The Falklands War: a simple cost benefit analysis

                It is the 30th anniversary of Argentina’s attack on the Falklands islands. I was against the UK responding with a counter invasion. The key justification for taking the islands back by force was that the people there wanted to live under British rather than Argentinean rule. The population at the time was about 1,800. Nearly 900 soldiers lost their lives in that conflict. The financial cost for the UK was estimated at around $2 billion. 
                My argument at the time was very simple. The order of magnitude of the financial cost was pretty well known in advance.The UK government could have offered each islander $1 million dollars, either as compensation for living under Argentinean rule, or for being relocated in some part of the UK. (The Highlands of Scotland is pretty empty and would be the closest substitute.) The financial cost to the government would be the same, but no lives would be lost.
                There were various counterarguments to this ‘crude’ utilitarian reasoning. One was that, if the UK had not attempted to fight, this would set a precedent which would encourage other dictators to use force in a similar manner. All that was demonstrated, of course, was that the UK was prepared to fight to protect one of its dependencies, against another side it thought it could beat.
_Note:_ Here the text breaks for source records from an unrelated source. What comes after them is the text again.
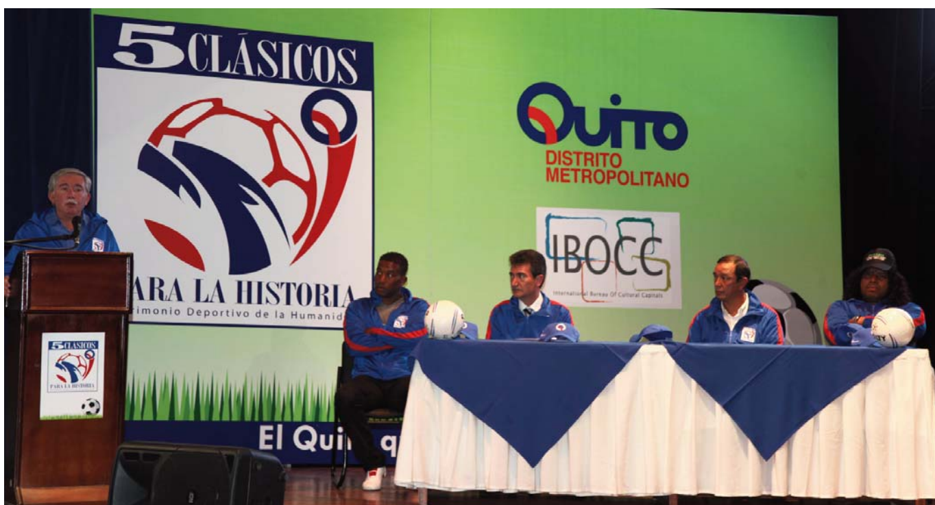
Presentación de la campaña 5 partidos jugados en Quito Patrimonio de la Humanidad el día 17 de febrero de 2012.

Hay que destacar también al equipo Independiente del Valle (1958) que juega en Sangolquí, ciudad cercano a Quito, capital del cantón Rumiñahui en la provincia de Pichincha. Se desempeña en la Serie A de Ecuador. Este equipo dispone de una Escuela de Fútbol a la que asisten más de un centenar de jóvenes de todo Ecuador que se forman en la práctica deportiva pero también en los estudios regulares correspondientes a su edad.
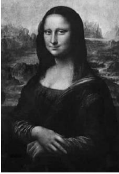
வரைபடம் 2.1 மோனா லிசா

இறுதி இரவுணவு என்பது சீடர்களின் எதிர்வினைகளை ஒப்பிடுகையில் கிறிஸ்துவின் அமைதியையும் சித்தரிக்கிற மற்றொரு தலைசிறந்த படைப்பாக உள்ளது. அவர்களிடமிருந்து ஒருவன் அவரைக் காட்டிக் கொடுப்பான் என்ற உண்மையை அவர் அறிந்திருக்கிறார்.
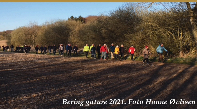
Bering gåture 2021.

Med foråret er det tid til at rykke udendørs, og igen i år vil der blive planlagt og afholdt gåture i samarbejde med Bering GT. Læs mere om dette på vores hjemmeside eller på opslag.
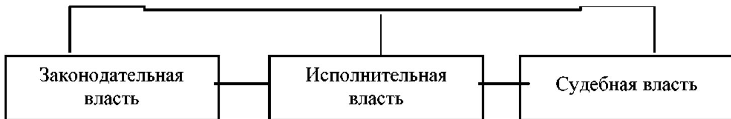
Рисунок 1. Система структуры государственного аппарата Российской Федерации

Однако, как показывает исторический опыт, реализация подобной концепции приводит не в демократии, а к диктатуре. Об этом свидетельствует, в частности, политическая практика фашистской Германии, Италии и ряда иных стран.
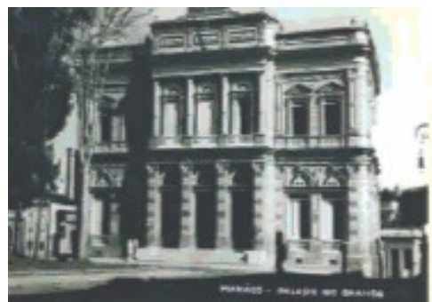
Palácio Rio Branco - numa de suas salas ocorreu
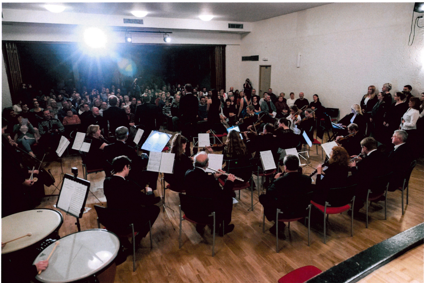
závěrečnou koledu Narodil se Kristus Pán zpíval celý sál
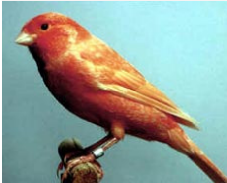
Canario Rojo Nevado
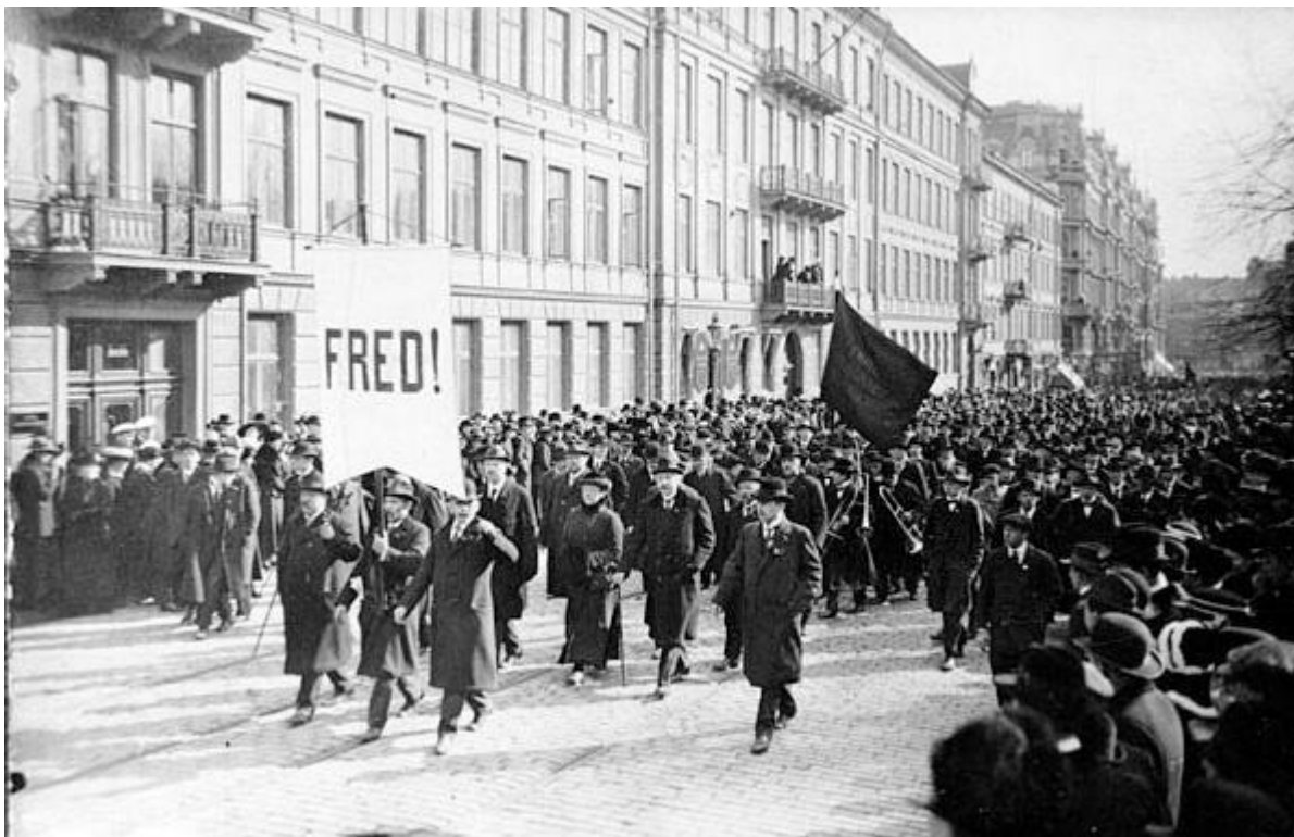
Första maj i Stockholm 1917

Kampen under våren och sommaren 1917 var revolutionens första fas som skulle följas av ny högre fas 1918.
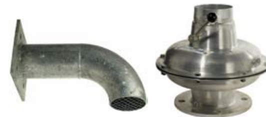
Uteluftkanal med stötvågsventil
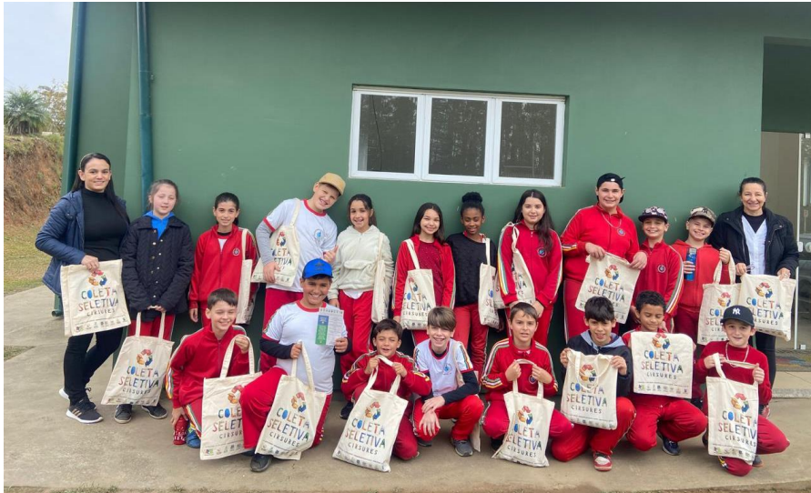
Visita guiada ao CIRSURES.

I do not think the Falklands war has really stopped Spain invading Gibraltar. Another argument was that the UK had a moral duty to protect its citizens. Strangely, this moral duty seemed not to apply to the similar number of residents of Diego Garcia some 10 years earlier, who were removed by the British from their homes to make way for a US airbase.
                Unfortunately I think the actual decision to fight back had little to do with principles. The moment Mrs Thatcher was told she could win, it would have been too humiliating for her government not to go to war. What I find much more depressing is that the war was hugely popular in the UK. National honor was at stake. Just before hostilities began, an opinion poll had only 18% of people saying that the UK government had been too willing to use force. Tellingly, however, only 14% of those polled were prepared to sacrifice more than 100 UK servicemen’s lives to regain the islands. 
                The conflict had huge consequences for both countries. It helped keep Mrs Thatcher in power for another decade, but it was fatal for the Argentine junta.  The ‘Falklands factor’ may have encouraged Tony Blair’s military interventionism. This, together with a feeling of gratitude to the US for their intelligence support during the conflict, may have played a part when it came to UK involvement in Iraq. Any ex post cost benefit analysis is hugely complicated and uncertain, but I still think my ex ante crude utilitarian view is compelling.
                The UK declared war three days before my wife and I were due to fly to Peru for a month long holiday. We went as planned, despite knowing that Peru would be very supportive of Argentina. In the first three weeks the Peruvians we talked to regarded the whole thing with bemused curiosity, and there was no ill feeling towards us. The atmosphere changed a bit just before we left after the General Belgrano was sunk. Lives were being lost as two countries attempted to salvage their national pride.                
                 

8 comments:

  1. See, this is why this petty nonsense national pride kind of stuff would be done away with if economists were in charge of the world, right?

    ;)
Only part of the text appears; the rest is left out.